Их вера получила подтверждение, и они были счастливы идти вместе по верному пути. Йоханн, сорокалетний гигант-голландец, вопя от счастья, подбрасывал над головой детей. Алида, бывшая танцовщица из труппы Бельгийского Королевского балета, станцевала импровизацию, а потом все присоединились к шумному хороводу.
Так Люси очутилась в объятиях Бартелеми, и они, поддавшись общей эйфории, расцеловались в щеки, потом чмокнули друг друга в губы и наконец обменялись страстным поцелуем, обещавшим продолжение.

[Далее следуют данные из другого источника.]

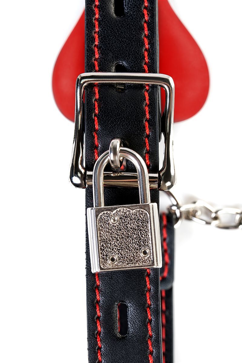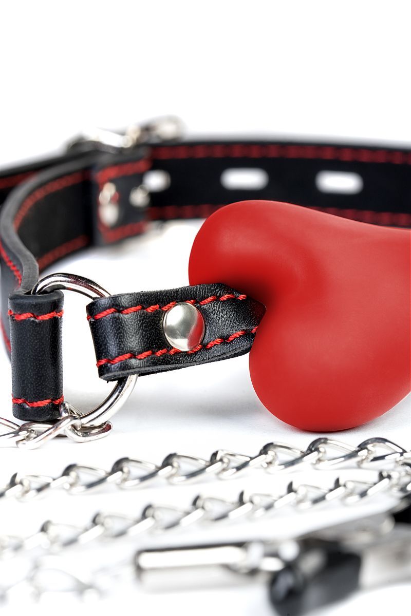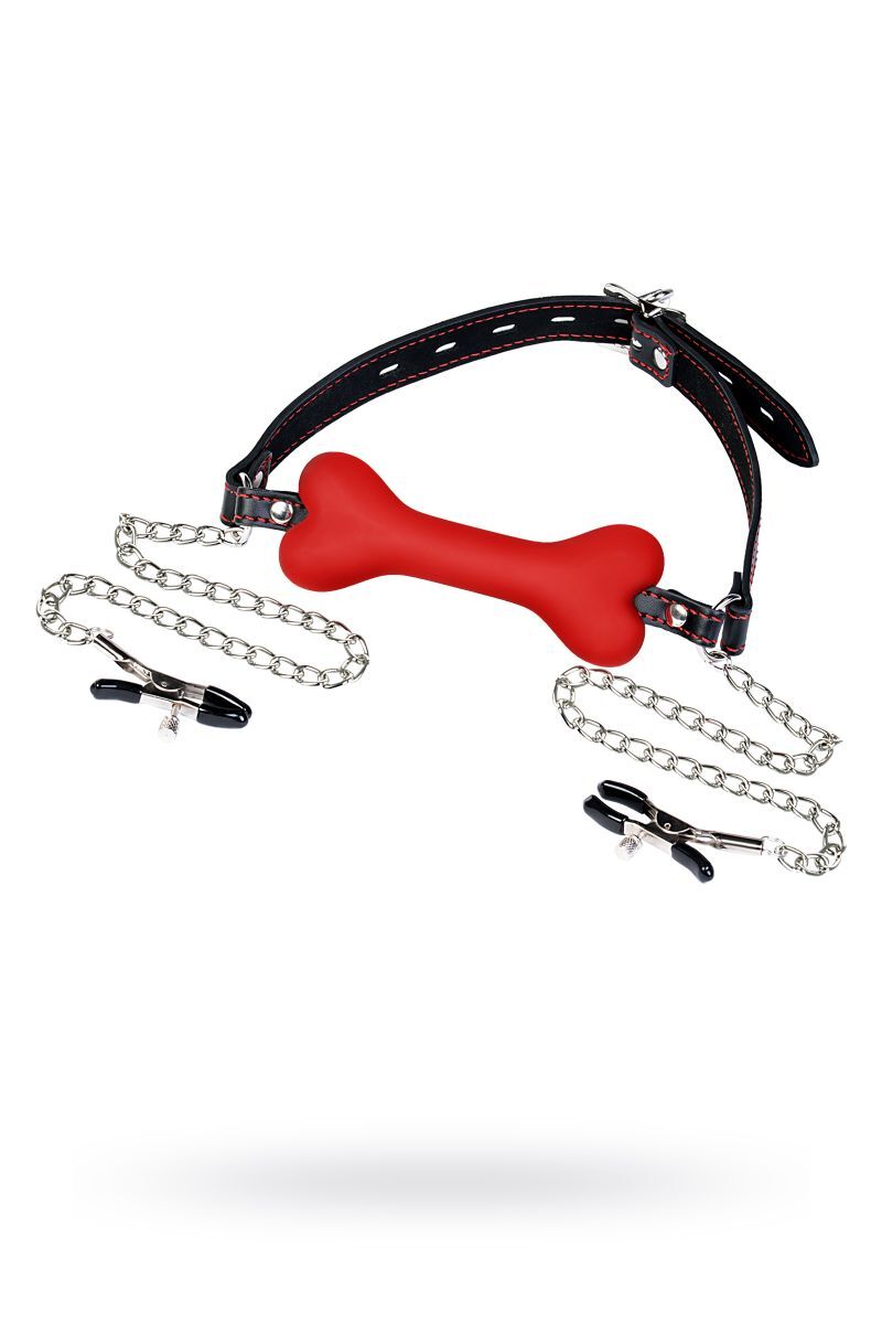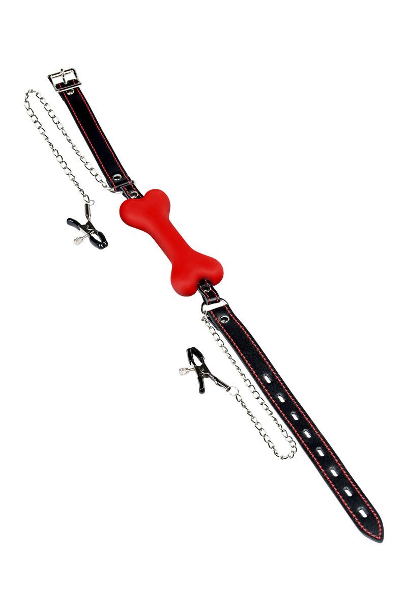 Красный кляп-трензель Theatre в виде косточки с зажимами для сосков
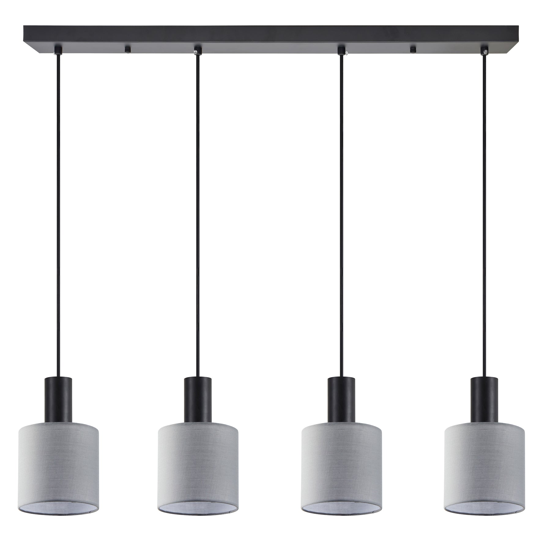 SE21-BL-4-4BL-SH2 ADEPT TUBE Black Pendant Grey Fabric Shade+
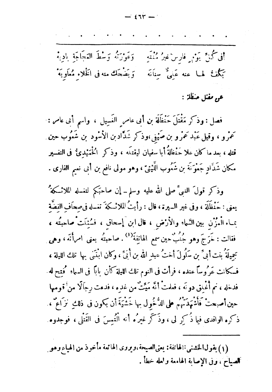 عَنْ مَقْتَلِ حَنْظَلَةَ: فَصْلٌ: وَذَكَرَ مَقْتَلَ حَنْظَلَةَ بْنِ أَبِي عَامِرٍ الْغَسِيلِ، وَاسْمَ أَبِي عَامِرٍ:
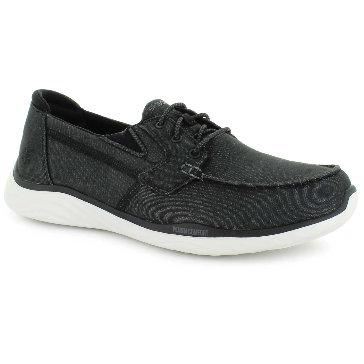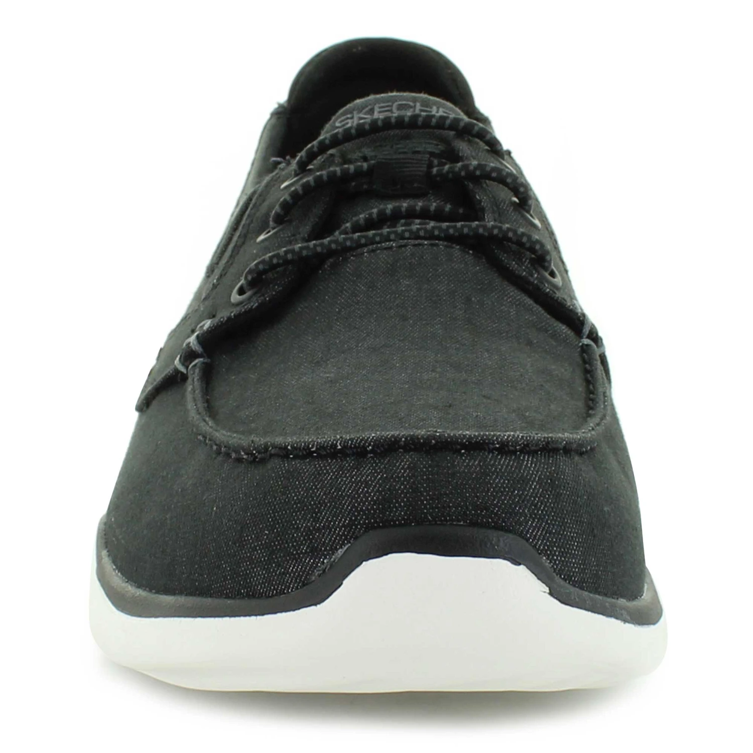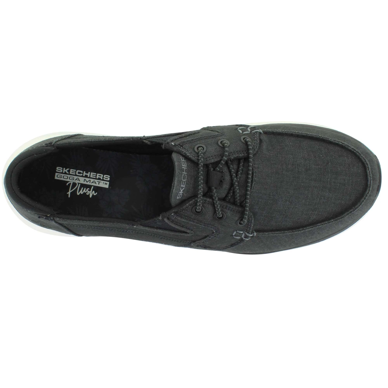 Classic nautical style and comfort combine wearing Skechers On-the-GO Ideal – Coastal. This boat style features a Stretch Fit canvas upper with stretch gore laces, a Goga Mat Plush insole and a lightweight ULTRA GO cushioned midsole.
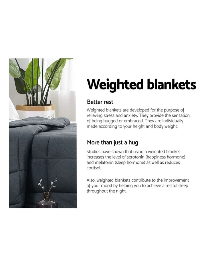 The science behind better sleep lies with a Giselle Bedding Weighted Blanket. It uses the therapeutic power of Deep Touch Pressure Simulation (DTPS) to stimulate pressure points throughout the body, thereby contributing to enhanced sleep, mood and relaxation. Our weighted blanket is engineered to be between 8% and 15% of your body weight to relax the nervous system by simulating the feeling of being hugged or held. This boosts serotonin and melatonin levels and decreases cortisol levels improving your heart rate and blood pressure. In short, you get healthier sleep and awake feeling refershed and re-invigorated. Made of a plush and microfibre mix for the top and 100% microfibre for the bottom, the weighted blanket is filled with polyester and glass beads to create the right amount of pressure for a soothing hugging sensation. The weighted blanklet is also close-fitting and conforms to your body shape and adapts to any sleeping posture easily. Not least, its excellent leak-proof stitching and 5-layer comfort ensures that the weighted blanket is ever so durable and comfortable with every use. The weighted blanket is machine washable for total convenience.
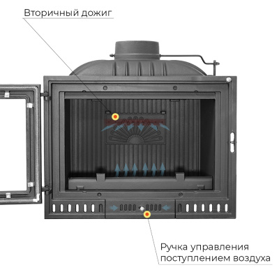 Для производства используется высококачественное литье. Стеклянные дверцы изготавливаются из жаростойкой керамики, выдерживающей высокие температуры. Герметичное закрытие обеспечивает контроль тяги и экономичное сжигание дров.
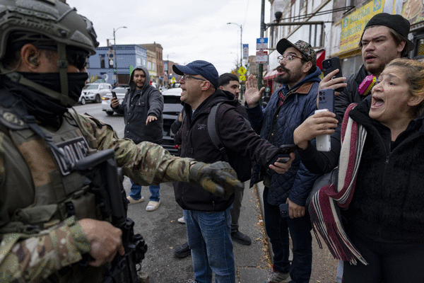 Near the iconic Little Village arch, Bovino — flanked by agents carrying firearms and tear gas — stepped out of his vehicle to face a crowd of outraged community members demanding that the agents leave their neighborhood.
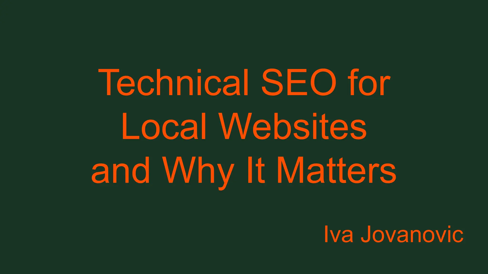 The talk "Technical SEO for Local Websites and Why It Matters" done for Local SEO for Good 2025
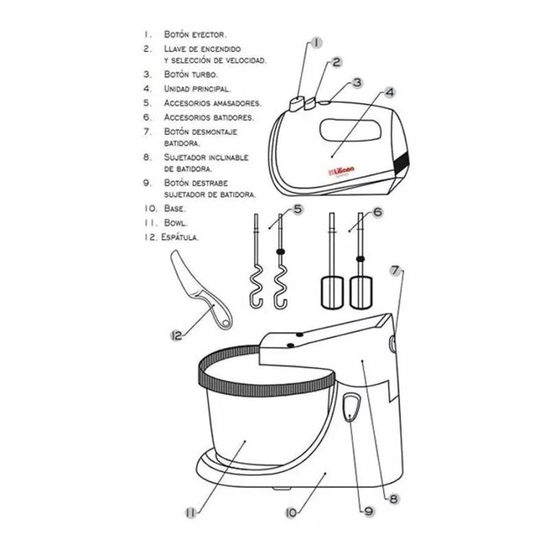 Accesorios: Batidores metálicos, amasadores metálicos y espátula plástica
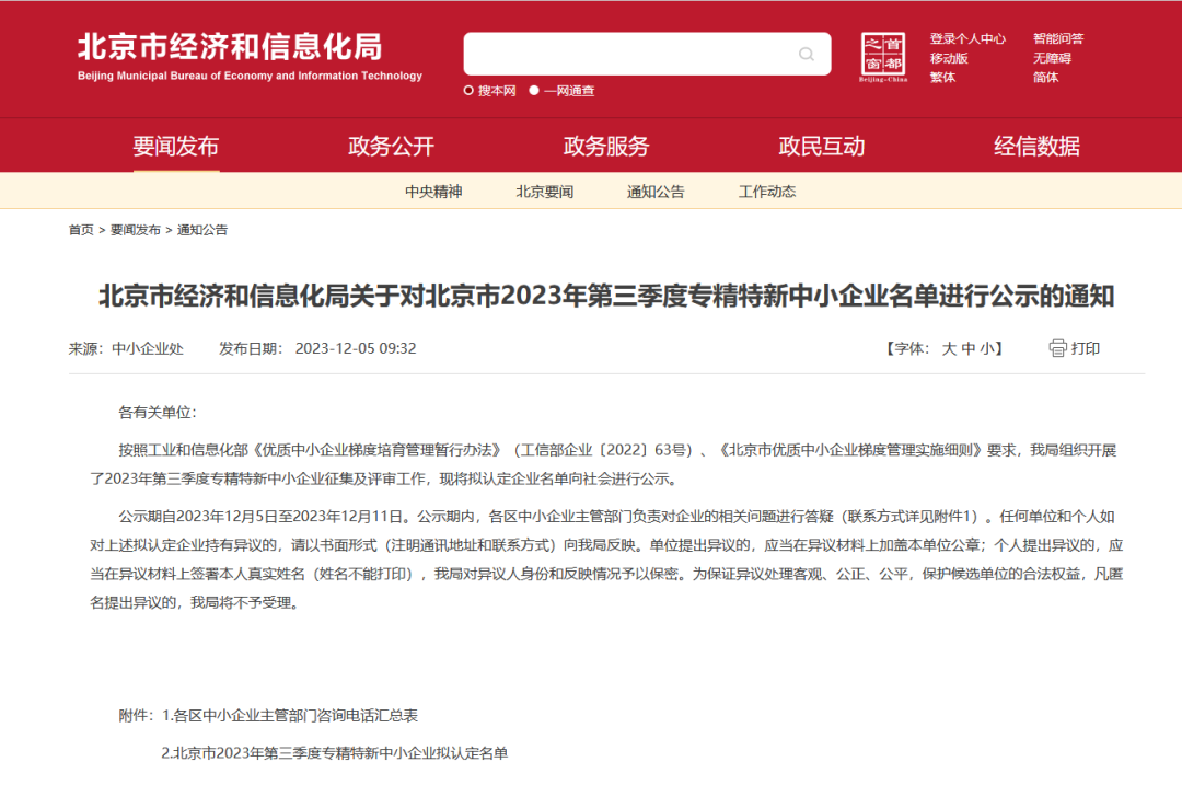 近日,北京市经济和信息化局公示了2023年第三季度专精特新中小企业名单,北京尊凯实业官网生物科技有限公司凭借专业技术实力、创新研发能力、行业影响力以及卓越的企业文化,顺利通过专家层层评审与综合评估,荣获北京市“专精特新”中小企业认定。
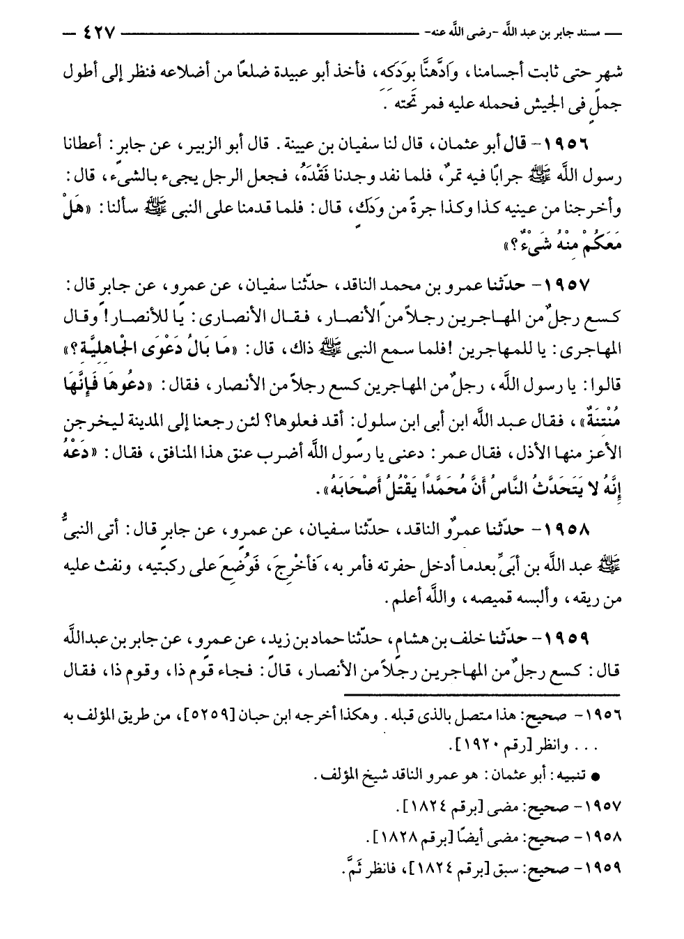 ١٩٥٧ - حَدَّثَنَا عمرو بن محمدٍ الناقد، حَدَّثَنَا سفيان، عن عمرٍو، عن جابر قال: كسع رجلٌ من المهاجرين رجلًا من الأنصار، فقال الأنصارى: يا للأنصار! وقال المهاجرى: يا للمهاجرين! فلما سمع النبي - صلى الله عليه وسلم - ذاك، قال: "مَا بَالُ دَعْوَى الجاهِلِيَّةِ؟ " قالوا: يا رسول الله، رجلٌ من المهاجرين كسع رجلًا من الأنصار، فقال: "دعُوهَا فَإِنَّهَا مُنْتِنَةٌ"، فقال عبد الله بن أبى بن سلولٍ: أقد فعلوها؟ لئن رجعنا إلى المدينة ليخرجن الأعز منها الأذل، فقال عمر: دعنى يا رسول الله أضرب عنق هذا المنافق، فقال: "دَعْه إِنَّهُ لا يَتَحَدَّثُ النَّاسُ أَنَّ محَمَّدًا يَقْتُل أَصْحَابَهُ".

Бартелеми оказался вовсе не таким уж худым. Его кожа —Люси терлась об нее всю ночь —была очень нежной на ощупь. Некоторую неловкость он компенсировал нежностью и внимательностью, удивительными в таком юном существе... нет, в молодом мужчине. В первый раз он кончил, как только они устроились на узкой кровати, и его тонкий, прямой, как прут, член соприкоснулся с животом Люси. Она обняла его, успокоила нежными ласками, и он очень быстро обрел силу. Бартелеми принялся обнюхивать Люси, лизать и ласкать ее, словно хотел убедиться, что женщина, увиденная им однажды на экране компьютера, теперь присоединилась к нему в реальном мире. Зрение —самое обманчивое из чувств, самое иллюзорное, и Бартелеми чувствовал, что должен подтвердить свои ощущения осязанием, обонянием и вкусом. Люси неподвижно лежала на спине, словно преподносила себя ему в дар, она вздрагивала от теплого дуновения его дыхания и нежных прикосновений языка и рук. Она вернула себе инициативу, когда ее собственное желание стало неодолимым: она скользнув под него, обняла ладонями за затылок, обвила ногами талию.
Она проглотила его целиком и начала медленно и плавно двигаться вверх и вниз. Оба очень скоро кончили одновременно, он —потому что пока не умел управлять своим наслаждением, она —потому что ее тело, почти убитое ублюдком Джо, выжило, ожило и теперь жаждало наслаждения.
Чуть позже, ночью, Бартелеми снова захотел заняться с ней любовью, и Люси, усталая и сонная, не отказала ему. Она просто повернулась спиной, приглашая к любви ленивой, почти задумчивой —то ли ко сну наяву, то ли к мечте.
Бартелеми проснулся, протер глаза, потянулся, как молодой кот, и взглянул на Люси, не веря своим глазам.
Она наклонилась над ним, поцеловала и произнеслаторжественным тоном:
—Думаю, я в тебя влюбилась. С Рождеством, Бартелеми!
—Я-то не думаю, а уверен! Ты —самый прекрасный рождественский подарок в моей жизни.
—Что скажешь насчет... поездки в Лозер?
Он положил голову ей на грудь.
—Хочешь увидеть Ваи-Каи?
Люси и сама не знала, чего хочет, у нее было чувство, что она заново учится жить в тридцать два —нет, скоро ей будет тридцать три —года. Она поднимала якорь, отдавала швартовы, и течение унесет ее сегодня утром в Лозер, к Духовному Учителю, к новым, неизвестным берегам. Она, всегда ненавидевшая постные дни, ощущала сейчас головокружение пополам со священным ужасом. Потом губы Бартелеми впились в ее рот, руки Бартелеми обвились вокруг плеч, пальцы бабочками запорхали по коже, и она, не сопротивляясь, открылась навстречу мгновению.
Глава 27
Йенна поразило количество народа на улочках Манда.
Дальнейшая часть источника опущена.